Wat jammer eigenlijk, dat we in een wereld leven waarin onze aandacht zo vaak alleen geleid wordt naar de dingen die niet goed gaan, de zaken waar we ons aan zouden moeten storen, aanstoot aan zouden moeten nemen en ons boos over zouden moeten maken. Wat jammer dat er niet vaker gewezen wordt op het mooie, het vriendelijke en zachtaardige. Dat er bijvoorbeeld geen bord boven de Metro-uitdelers geplaatst wordt, met: ‘Pas op, kans op “Goedemorgen!”’
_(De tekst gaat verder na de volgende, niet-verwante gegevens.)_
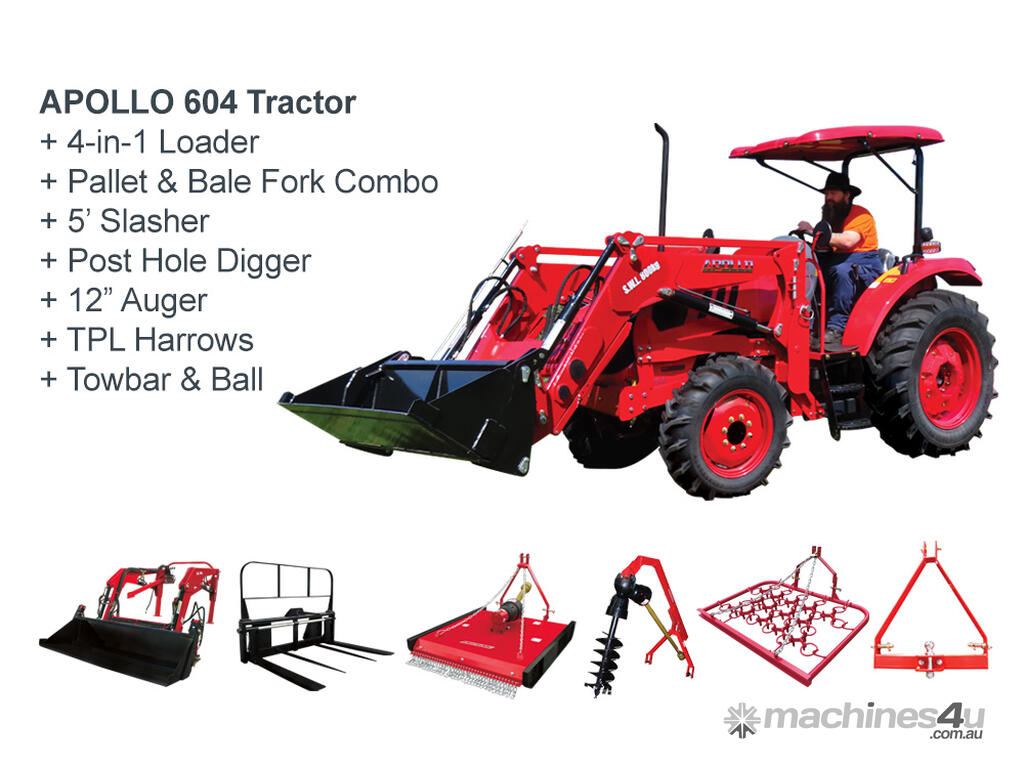 Our equestrian tractor package is based on the most common enquiries weve received from horse owners. This package is suitable for farmers with stables, horse paddocks and general agistment horse properties. The APOLLO 604 is a versatile tractor for medium to large properties. Developed for the international market in collaboration with American engineers, the APOLLO 604 incorporates many modern design features and boasts higher quality and features at an ultra-competitive price.

Bij het passeren van de box heb ik de afgelopen weken telkens goed de oren gespitst. Maar niets, geen kik. Ik denk dat de bouw van de ‘nieuwe appartementen’ nog even is uitgesteld. Maar misschien is het nog niet zo’n gek idee om dat bord alvast te plaatsen, bij die Metro-uitdelers. Want het schreeuwen, boren en zagen van deze wereld klinkt altijd zo veel harder dan de vriendelijke stem die ‘Goedemorgen’ zegt.